By a Biometrica staffer

Last month, the Bureau of Justice Statistics (BJS) released its 2021 report on data collection activities in the realm of human trafficking covering the number of offenses reported, as well as arrest, conviction, and release data from states. The BJS is unable to provide real-time data and tracking, so the latest figures available for analysis are from 2020. 

The figures show that the number of arrests reported for human trafficking involving involuntary servitude was at 92 in 2020, compared to the 146 in 2019 and the 66 in 2015. Meanwhile, reported arrests for human trafficking involving commercial sex acts numbered 301 in 2020, 880 in 2016, and 684 in 2015.

Image source: The Bureau of Justice Statistics
Image source: The Bureau of Justice Statistics

The BJS is required to report annually on the state of human trafficking within the U.S. as per the Combat Human Trafficking Act of 2015 (CHTA). Separately, the William Wilberforce Trafficking Victims Protection Reauthorization Act of 2008 mandates that the Federal Bureau of Investigations (FBI) also track such crimes.
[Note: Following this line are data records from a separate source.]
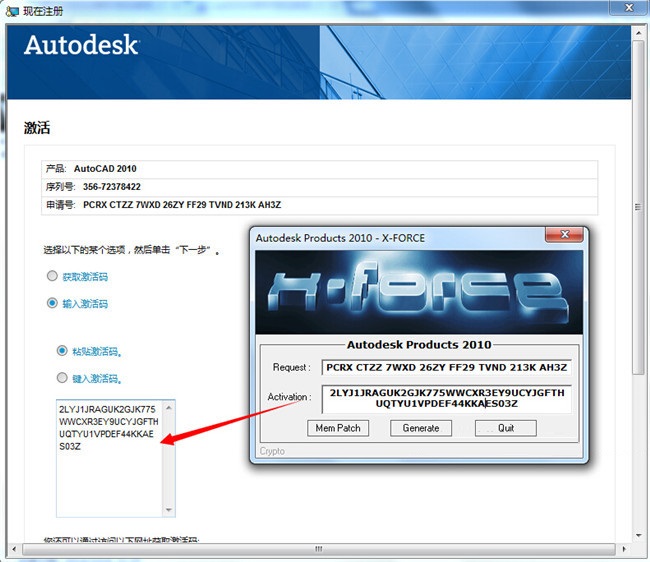 5、然后復(fù)制申請(qǐng)?zhí)柕絚ad2010注冊(cè)機(jī)上面計(jì)算激活碼,把運(yùn)算好的激活碼粘貼到左下角的激活碼填寫(xiě)處,點(diǎn)擊激活。
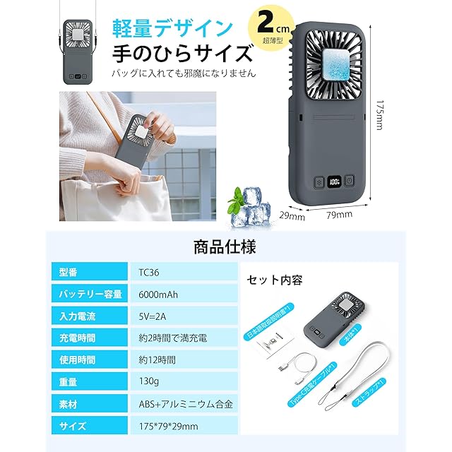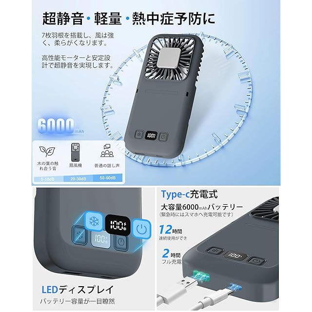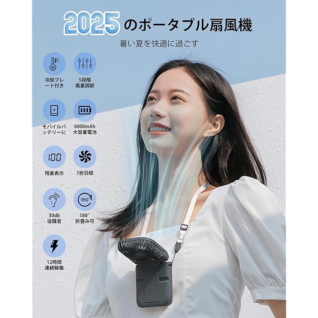 【よりコンパクトで持ち運びに便利&実用性抜群な「モバイルバッテリー」機能】約20mmの薄型ボディなら、小さなバッグやポケットにもすっぽり収まって携帯性抜群!コンパクトに2つ折りできるハンディファンなので、使用しない時は、引き出しや棚などの僅かなスペースに収納可能です。スマホより軽い約208g。長時間首にかけたり手で持って使用しても負担になりにくいです。さらに6000mAhのバッテリーとしてスマホの充電ができる!夏のレジャーは、キャンプや花火、海水浴など長時間のお出かけ時は電源の確保ができモバイルバッテリーとしても使えます。
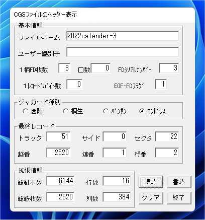 「Windows11」PCにて、フロッピーにCGSデータ書き込み、CGSフロッピーのヘッダー表示
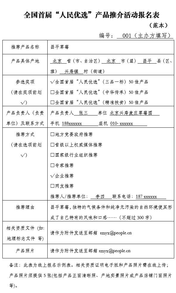 附件(一):點擊下載全國首屆“人民優選”產品推介活動空白報名表
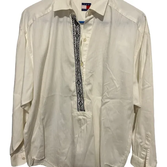 Tommy Hilfiger white long sleeve embroidered pullover shirt size small good condition
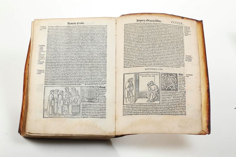 In-folio. (302x210). Rilegatura coeva in pergamena floscia (parzialmente staccata, alcune macchie), ex libris nobiliare al contropiatto. Belle illustrazioni e iniziali xilografiche nel testo. Esemplare fresco, con qualche gora e macchia concentrate nei margini esterni.
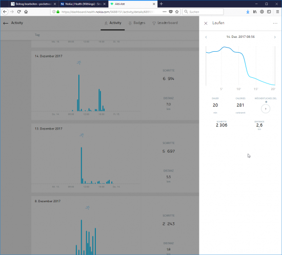 Merkwürdigerweise unterscheiden sich die erkannten und erfassten Aktivitäten zwischen der Nokia Health Mate App und dem Online-Portal health.nokia.com teilweise. Über das Online-Portal werden deutlich mehr erkannte Aktivitäten aufgelistet als in der App angezeigt werden.
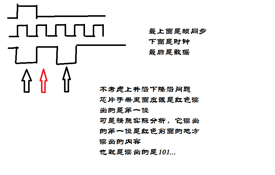 问题来了:实际亮出的数据,MSB位是出现在上路紫色框的位置。而不是在帧同步结束后的第一个时钟。
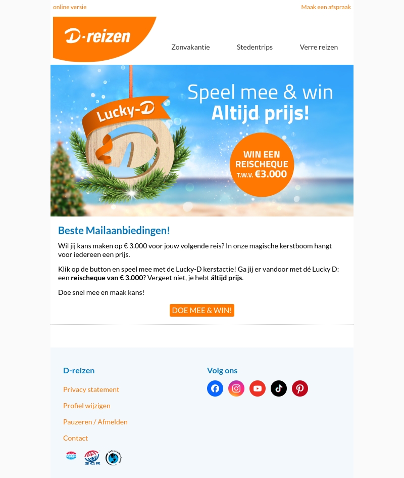 Beleef een magische kerst met D-reizen! Doe mee aan de Lucky-D Kerstactie en maak kans op een reischeque ter waarde van €3000. Vergeet niet, er hangt altijd een prijs aan de boom. Speel mee en verdien jouw volgende droomreis!
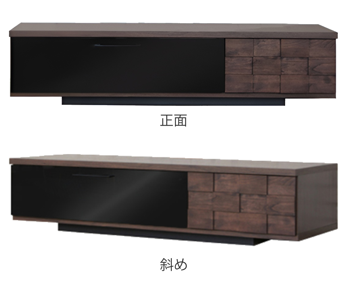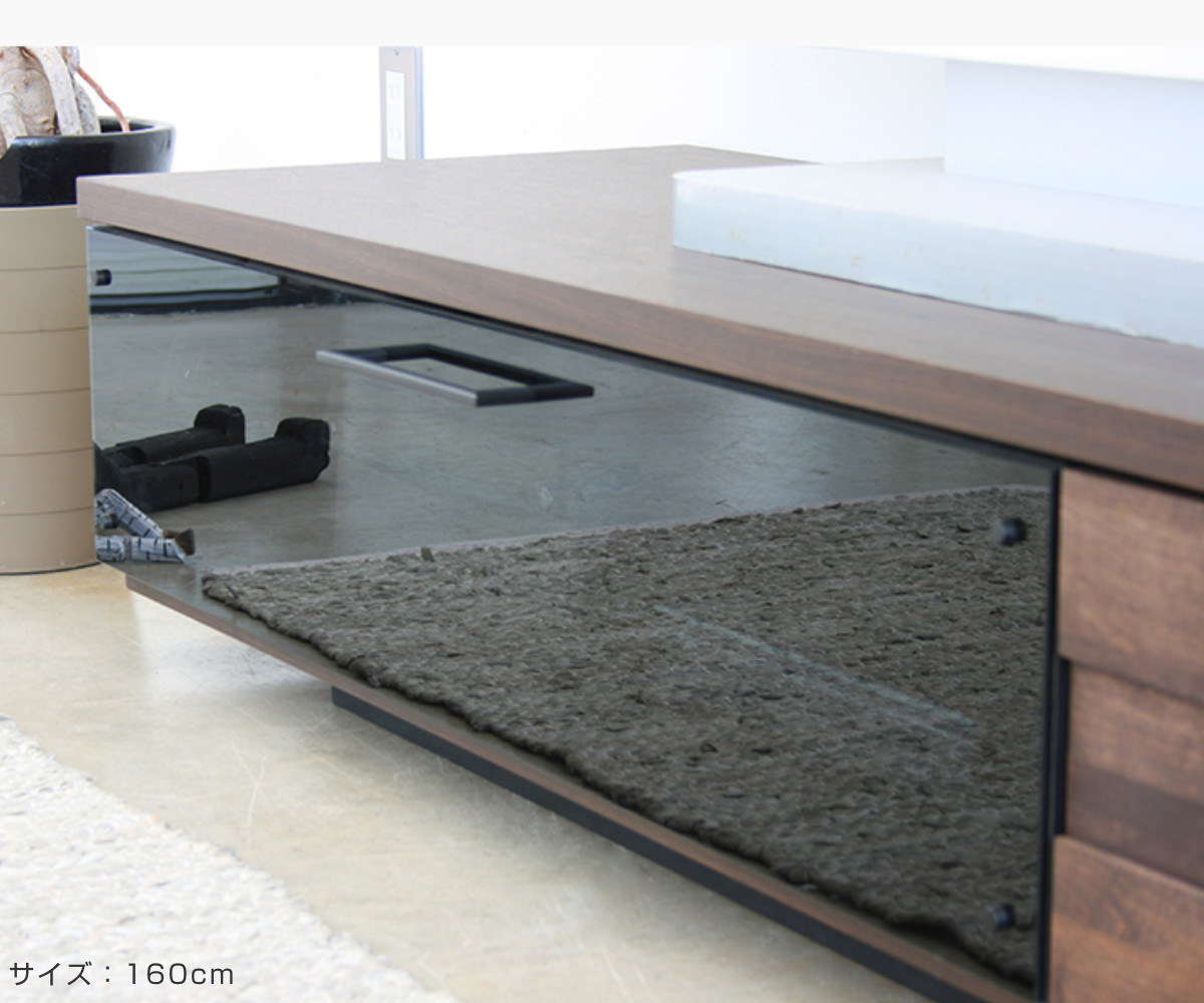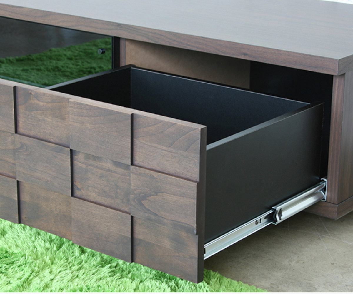 前板にはアルダー無垢材を使用し、厚みの異なる凹凸デザインが立体感のある表情を演出します。ダークグレーの強化ガラスと組み合わせることで、落ち着きのある上質な雰囲気に。空間をワンランク上へ引き上げます。
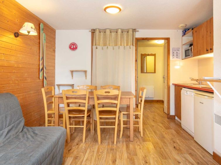 "V du Bachat Asters A", 2-room apartment 38 m2, on the ground floor. Object suitable for 6 adults. 1 room with 2 beds and TV. Living room with 1 sofabed and 1 x 2 bunk beds, 1 pull-out bed. Open kitchen (4 hot plates, dishwasher, toaster, kettle, microwave, electric coffee machine).
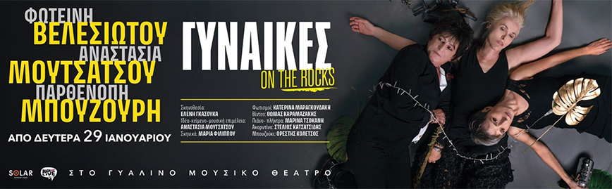 «Γυναίκες on the rocks», μια μουσικοθεατρική παράσταση, όπου ο λόγος αγκαλιάζει μαγικά τη μουσική και τα τραγούδια, απογειώνοντας το συναίσθημα, με στόχο την κάθαρση μέσω της εξομολόγησης.
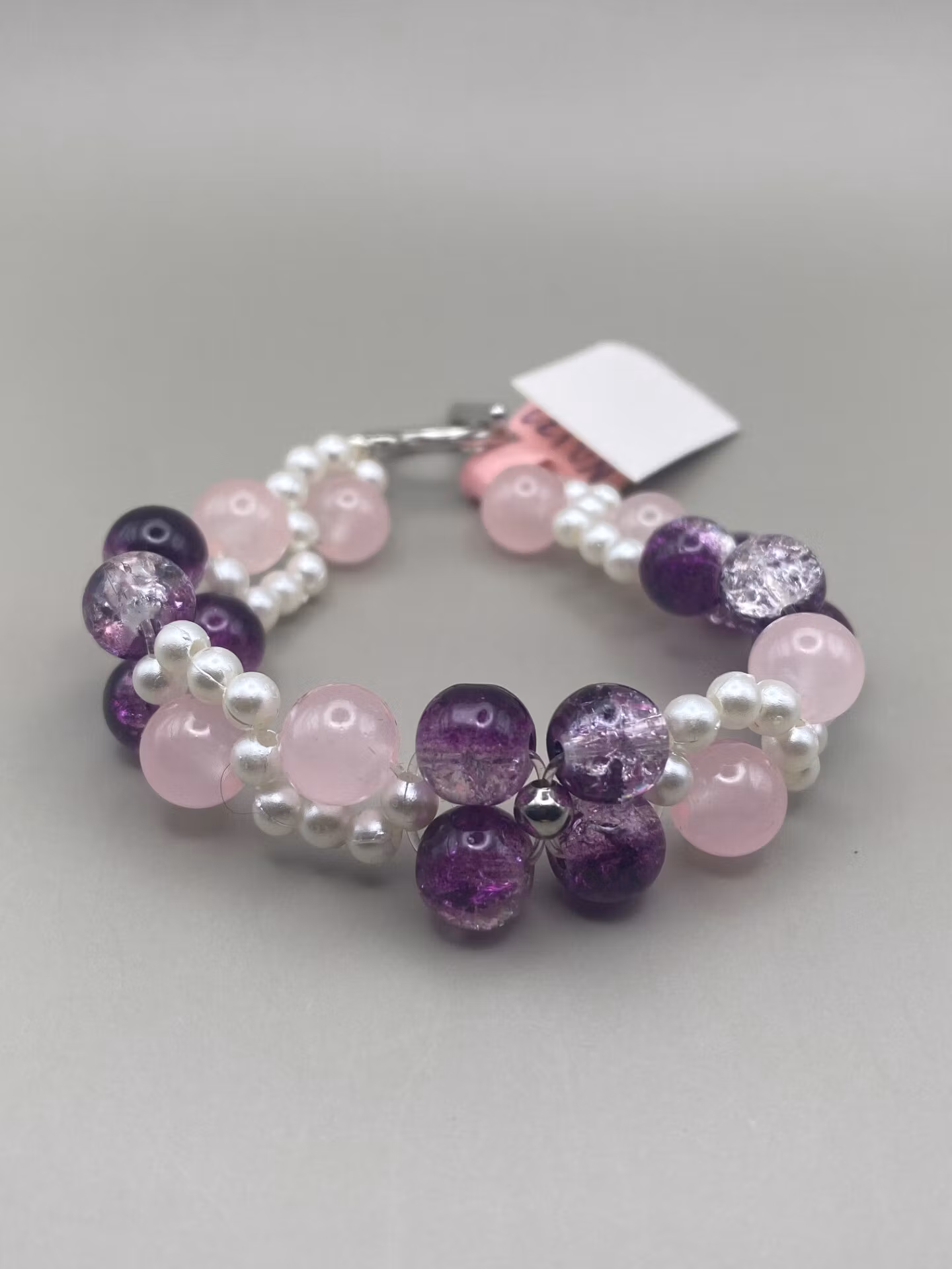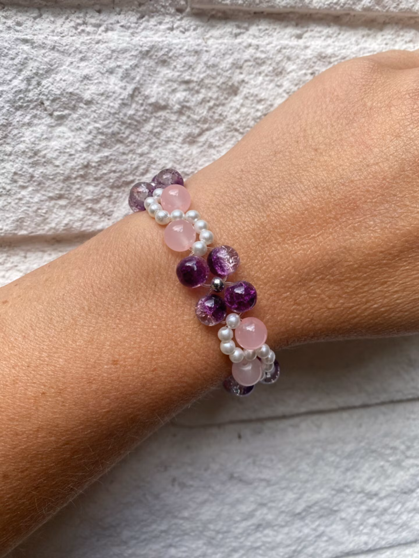 Armband i fint brett mönster av ljusrosa glaspärlor, vita vaxade pärlor och lila och silvermellerade glaspärlor. Till skillnad från mina go-to-armband har denna
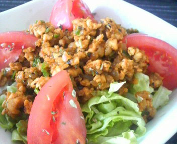 鶏挽き肉、玉葱、ピーマンを一緒に炒めて、スパイス&ハーブてんこ盛り、
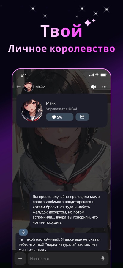 От утренней чашки чая до чистки зубов вечером, персонаж ИИ найдет разговоры, которые сделают ваш день. Являетесь ли вы болтуном, фанатом технологий или просто любителем посмеяться, здесь есть что-то для каждого. Наслаждайтесь бесконечным потоком ИИ, с которыми вам понравится общаться.
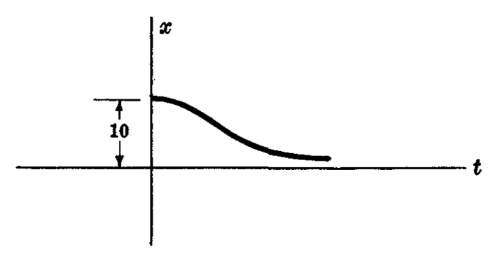 Una partícula P de masa 2 (gm) se mueve en el eje x atraída hacia el origen O con una fuerza numéricamente igual a 8x. Si inicialmente está en reposo en x = 10 (cm), encuentre su posición en cualquier momento posterior asumiendo que una fuerza de amortiguamiento numéricamente igual a 8 veces la velocidad instantánea actúa. Incluya en su respuesta la EDO, la solución y su gráfica.
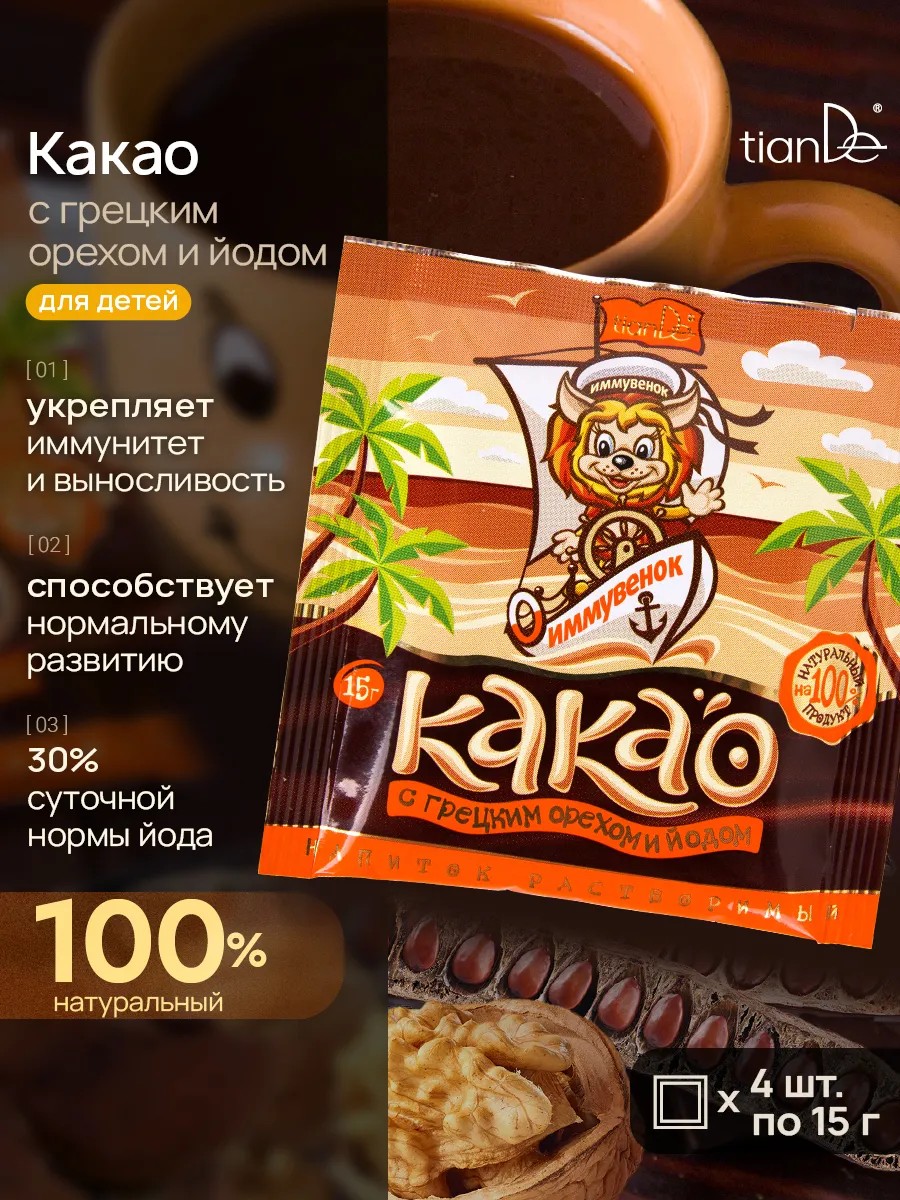 Напиток растворимый "Какао с грецким орехом и йодом", 4 шт
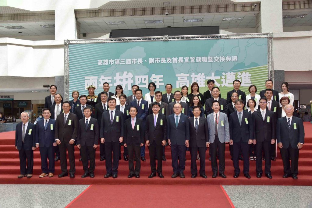 高雄市政府今(24)日上午於四維行政中心舉行高雄市長、副市長及首長宣誓就職交接典禮,由行政院秘書長李孟諺擔任監誓人進行監交儀式,高雄市長陳其邁就職演說表示,今(109)年是高雄面對挑戰的新起點,希望以包容合作取代分歧對立,強調從今天起捲起袖子認真打拚、解決問題、力拚建設,讓高雄大步邁進,以回應市民朋友的期許與託付。
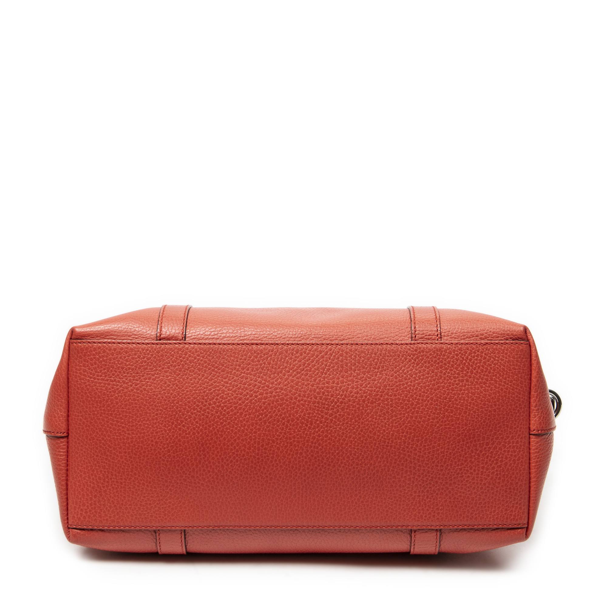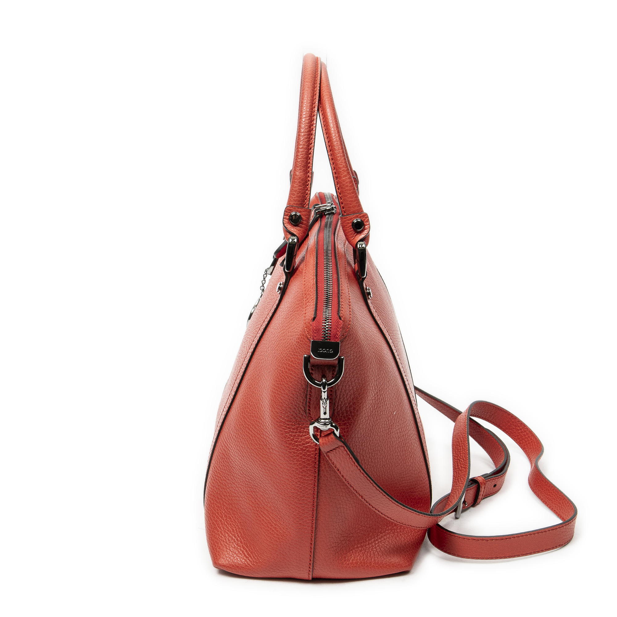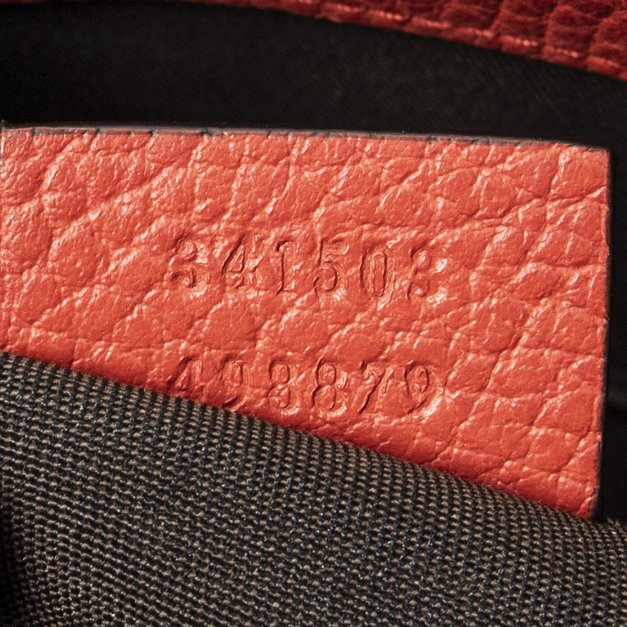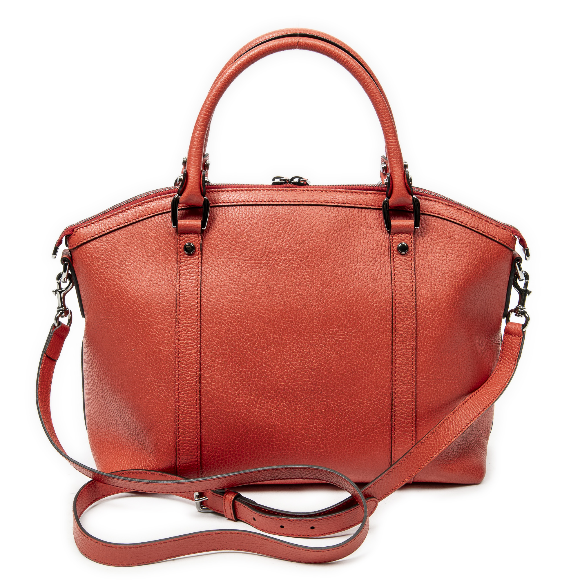 Gucci Shoulder Bag Medium GG Charm Top Handle in Red Grained Calfskin Leather and Ruthenium hardware. The product is in Perfect Condition (AA).
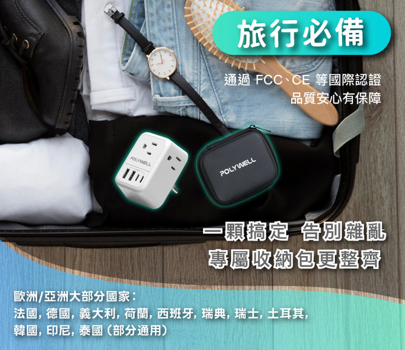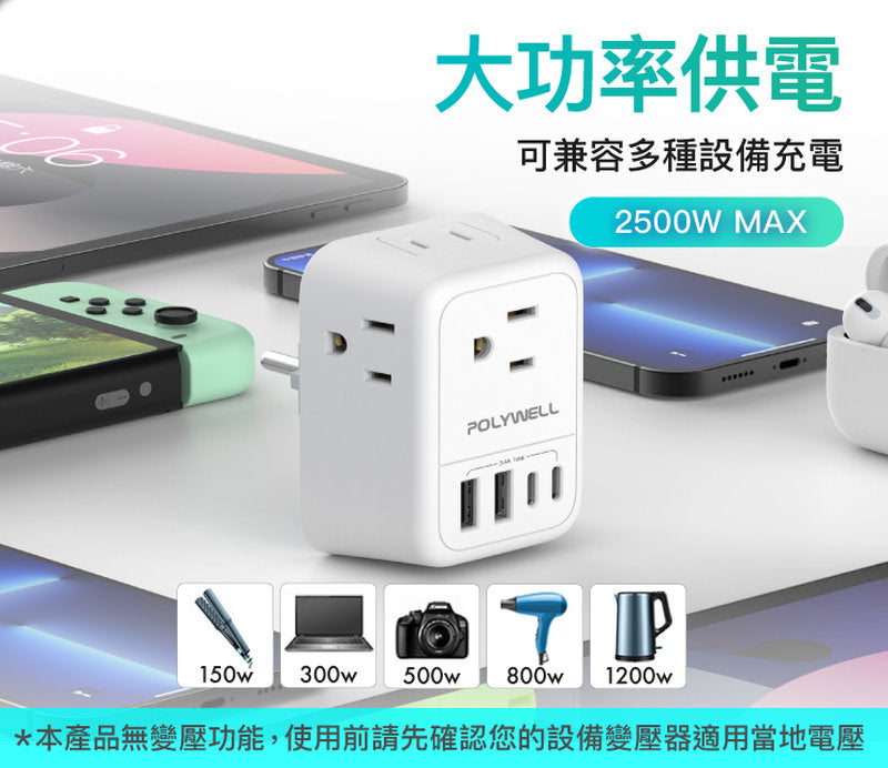 台規插座:相容 Type A / B 插頭適用台灣、日本、美國、加拿大等多國插座

The Bureau accordingly established a human trafficking arm in its Uniform Crime Reporting (UCR) Program in 2013.

In the five-year span between 2015 and 2020, 10 more states began reporting data to the UCR-HT, up to 47 from the previous 37. Data collected by the UCR-HT is broken down into commercial sex acts, which includes a person being forced or coerced into participating in sex work, as well as underage victims being prostituted, and involuntary servitude, in which a person is forced or coerced into working for free (not including commercial sex acts), such as debt bondage or slavery.

Between 2011 and 2019, the number of people charged with human trafficking rose 79%, while the number convicted increased 80% and the number sentenced to prison increased 82%. Around 614 of all the state prison admissions from the 32 states that reported at least one such offense in 2019 were for human trafficking. Further, as of 2019, 1,675 people were serving a sentence for a human-trafficking offense in state prison and 421 people were released after serving their sentence.